Salameh (1980) and Mikbel and Zacher (1981, 1986) on the base of structural field measurements, aerial photograph interpretation gave a time frame between Maastrichtian and Oligocene/Miocene for the evolvement of the Wadi Shueib Anticline and Amman-Halabat structure or Amman Flexure. The major fold and fault structures are listed from N to S (Fig. 2.2-7):
a dome-like structure around Salt where the base of the Cretaceous (bCr) rises to +400m aSL;
the Wadi Shueib Syncline, where bCr drops to -500 m bSL near Shuna;
the Wadi Shueib NW -facing monoclinal flexure plus associated normal faults;
the Wadi Shueib composite anticline where bCr between Shuna and Kafrein rises to -250m;
the NNE-trending Kafrein normal fault and associated faults bounding the Kafrein syncline to the W;
the Kafrein asymmetric syncline (bCr ca -400 to -800m):
the NE- to ENE- trending Amman flexure and associated faults facing toward NW;
the gently warped dip slope SE of the Amman flexure where bCr rises again to about +300m aSL.
Fig. 2.2-7: Main structural features in the wider area of interest.
These structures are modified or enhanced by sets of normal faults trending NNW and NW which may be regarded as syn- and antithetic to the subsiding Jordan Valley depression.

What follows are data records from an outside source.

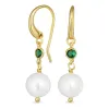 grön kristal örhängen i förgyllt silver med blank yta och 2 slät gröna kristaller 2 vita pärlor.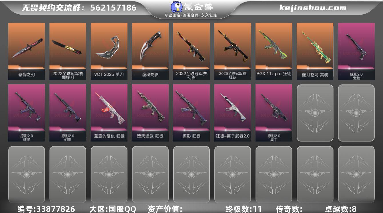 【套装】:2022全球冠军赛套装,无畏契约季前邀请赛套装,VCT 2025 赛季套装,掠影//2.0套装 【英雄】:幻棱,炼狱,维斯,暮蝶,钛狐,壹决,铁臂,捷风,雷兹,幽影,不死鸟,贤者,猎枭,蝰蛇,零,芮娜,奇乐,尚勃勒,霓虹,斯凯,夜露,星礈,K/O,海神,盖可,黑梦,钢锁 【近战武器】:近战武器-2022全球冠军赛 蝴蝶刀,近战武器-无畏契约季前邀请赛 悲悯之刃,近战武器-影钩,近战武器-VCT 2025 爪刀,近战武器-紫金爪刀,近战武器-黑波之刃,近战武器-诡秘蛇影 军刀 【狂徒】:狂徒-2025全球冠军赛,狂徒-RGX 11z Pro,狂徒-堕天遗武,狂徒-掠影,狂徒-盖亚的复仇,狂徒-离子武器//2.0,狂徒-诡秘蛇影 【幻影】:幻影-2022全球冠军赛,幻影-掠影//2.0,幻影-末日之翼 【戍卫】:戍卫-折光棱晶 【冥驹】:冥驹-偃月苍龙 【飞将】:飞将-末日之翼 【莽侠】:莽侠-诡秘蛇影 【奥丁】:奥丁-掠影//2.0,奥丁-末日之翼 【判官】:判官-诡秘蛇影 【骇灵】:骇灵-掠影//2.0,骇灵-无限竞技 【蜂刺】:蜂刺-折光棱晶 【标配】:标配-折光棱晶 【正义】:正义-超限闪存,正义-纳米打击 【鬼魅】:鬼魅-掠影//2.0,鬼魅-诡秘蛇影,鬼魅-星云暗涌 【狂怒】:狂怒-蒙太奇 【短炮...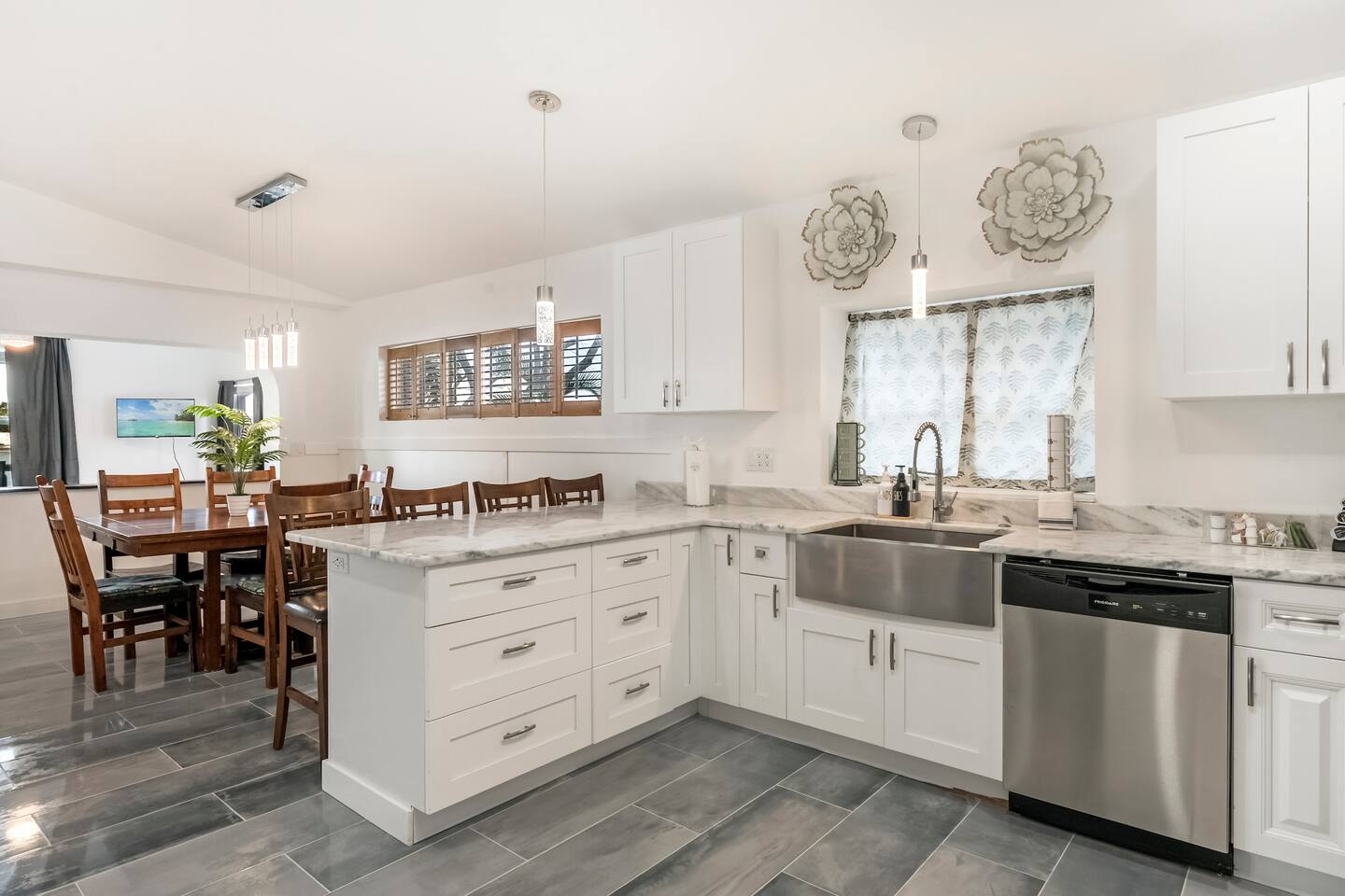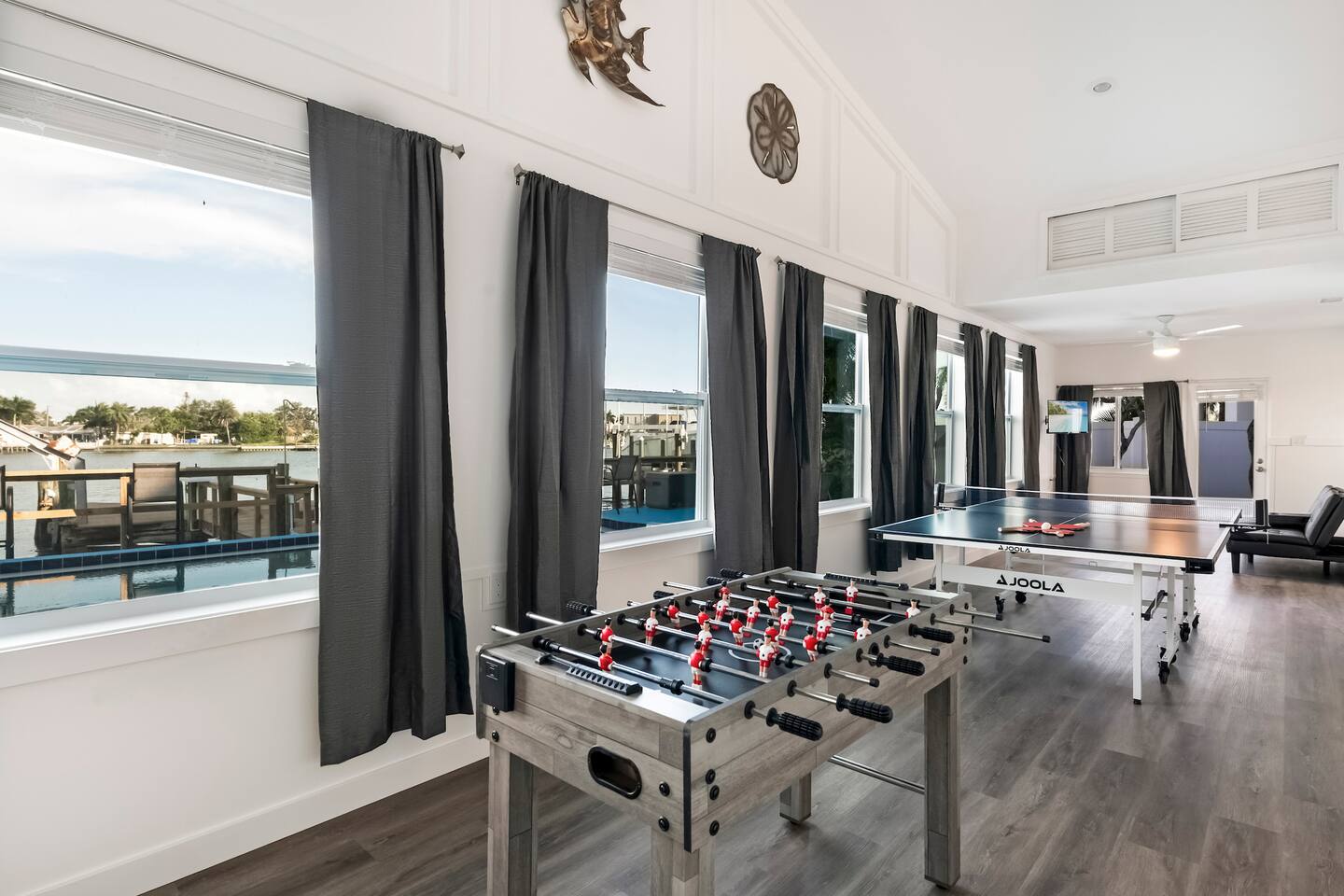 ✨ A family-friendly escape with all the extras—this Treasure Island retreat is designed for fun, comfort, and unforgettable memories. From the heated salt pool to the dock, every detail is tailored to groups who want more than just a place to stay. ✨ ☆☆ HIGHLIGHTS ☆☆ ✹ 3 bedrooms: 2 kings + 1 queen + smart TVs ✹ 2 full bathrooms + toiletries provided ✹ Waterfront property with shared dock ✹ Heated saltwater pool (shared with 8 other Airbnbs) ✹ Beach chairs + beach towels included ✹ Fully stocked modern kitchen w/ stainless appliances + coffee bar ✹ Family extras: pack ’n play, high chair, stroller, + kids’ utensils ✹ Living room w/smart TV + board games + futon (sleeping for 1) ✹ Free parking in the driveway for 2 cars ✹ Pet-friendly (pet fee + host approval required) ✹ Quiet location near beaches, dining & attractions ✹ Early check-in + late check-out available (fee/depending on availability) ★★ BEDROOM 1 ★★ ✔ King bed, smart TV, ensuite bathroom + closet ✔ Iron, ironing board & broom ★★ BEDROOM 2 ★★ ✔ King bed, smart TV, ensuite bathroom + closet ✔ Iron, ironing board & broom ✔ Desk + chair ★★ BEDROOM 3 ★★ ✔ Queen bed + smart TV ✔ Ocean/pool views ★★ BATHROOM 1★★ ✔ Ensuite to Bedrooms 1 + 2: shower ✔ Shampoo, conditioner, body wash, makeup towels & hair dryers ✔ Bath towels + beach towels ★★ BATHROOM 2★★ ✔ Next to kitchen: shower ✔ Shampoo, conditioner, body wash, makeup towels & hair dryers ✔ Bath towels + beach towels ★★ KITCHEN & DINING ★★ Cook or grill with ease. ✔ Fully stocked kitchen: Stainless appliances, cookware & utensils ✔ Coffee bar w/ K-Cup machine, drop coffee machine, K-Cups, tea, cream & sugar ✔ Dining table for 5 + breakfast bar with seating for 4 ★★ LIVING ROOM ★★ ✔ Sectional couch ✔ Smart TV ✔ Family board games ★★ GAME ROOM ★★ ✔ Ping pong table + foosball table ✔ Smart TV ✔ Couch/futon with sleeping for 1 ★★ OUTDOOR SPACE ★★ ✔ Heated saltwater pool (shared) ✔ Dock (shared) ✔ Outdoor dining with waterfront views (shared) ✔ Gas grill (shared) ✔ Outdoor shower ★★ LOCAL ATTRACTIONS ★★ ✔ Family Fun: Treasure Island Beach; Rosselli Park playground; Royal Conquest Pirate Ship Cruise ✔ Group Thrills: Parasailing at Parasailing The Pass; kayak & paddle board rentals at PADL; sailing at Suncoast Sailing; fishing charters at Treasure Island Fishing Charters ✔ Bachelorette Bliss: Dolphin cruises & fishing charters at Hubbard's Marina; cocktails at Sloppy Joe’s; beachfront meals and drinks at Caddy's ✔ Dining & Shopping: Middle Grounds Grill; Foxy’s Café; The Florida Shell Shop; Island Grocer Boutique; Sea Dog Brewing ★☆ Don’t just book a stay—book an experience. Reserve your Treasure Island getaway today and enjoy waterfront views, a heated salt pool, dock, & endless family-friendly fun! ☆★

The network of Wadis flowing down the western slopes of the Transjordanian Mountains toward the Jordan Valley depression seem fairly well controlled by the above structures of the Cretaceous rocks. For example wadis follow synclines (Wadi Shueib, Wadi Kafrein etc). They also follow a combination of structural dip with NW-trending antithetic or ac-faults on the dip slope SE of the Amman Flexure (Wadi Hisban/ ar Rama, Wadi al Muhtariqa, Wadi al Hiri E of Suwayma). This may reflect some of the controls geologic structure exerts on subsurface flow pathes of groundwater in the consolidated rock sequences.
2.2.3.4 Subsurface contacts between consolidated rocks and unconsolidated Jordan Valley Group sediments
Due to the spatial variability of the hydraulic potential and the multilayer nature of aquifers and aquitards in the consolidated rock sequence hydraulic contacts with the unconsolidated valley sediments play a major role in the hydraulic budget.

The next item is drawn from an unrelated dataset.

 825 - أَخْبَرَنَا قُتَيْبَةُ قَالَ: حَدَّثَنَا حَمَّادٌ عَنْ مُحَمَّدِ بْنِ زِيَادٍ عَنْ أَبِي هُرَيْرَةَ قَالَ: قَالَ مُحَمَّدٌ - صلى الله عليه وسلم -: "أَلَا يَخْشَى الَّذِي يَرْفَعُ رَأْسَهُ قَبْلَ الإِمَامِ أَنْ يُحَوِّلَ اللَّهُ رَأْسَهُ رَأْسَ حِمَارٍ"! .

At the foothills of the highlands near Al Karameh, South Shuneh, Kafrein, Sweimeh the base of the Jordan Valley Group sediments (bJVG) crops out at an altitude of ca. –200 m b.s.l. A preliminary analysis of reflection seismics in combination with the deep wells JV1 and JV2 shows that the late Cretaceous structures continue beneath the younger Jordan Valley Group sediments (Heinrichs et. al 2004; AlZoubi et al. 2006). The same data reveal a drop of the bJVG along the Wadi Shueib composite anticline from –200 m at the surface to about –500 m b.s.l. at 4 to 5 km distance WSW of the outcropping contact. This dip corresponds roughly to the dip of the Cretaceous strata E of the contact (Fig. 2.2-9). It can therefore be concluded that up to this location on this anticline Naur and Kurnub Formations are directly overlain by unconsolidated sediments. Further W and toward SW seismic data suggest that higher stratigraphic levels of the Cretaceous are preserved and in contact with the unconsolidated sediments in spite of the bJVG dipping steeply toward W and toward the Dead Sea in the south. A similar inference can be made for the Wadi Shueib Syncline where the Wadi as Sir Formation should be continuous for some distance under the base of the unconsolidated sediments. At the moment low density of seismic information does prevent tracing the major faults into the subsurface of the Jordan Valley.
2. Description of the study area
Fig. 2.2-8: Geological Map of the wider area of interest (after McDonald and Partners 1963; Shawabkeh 2001;
Diabat and Abdelghafoor 2004).
Fig. 2.2-9: Geological cross section in the northern part of the wider area of interest (slightly modified after Shawabkeh 2001). Location of the cross section is indicated in fig. 2.2-8.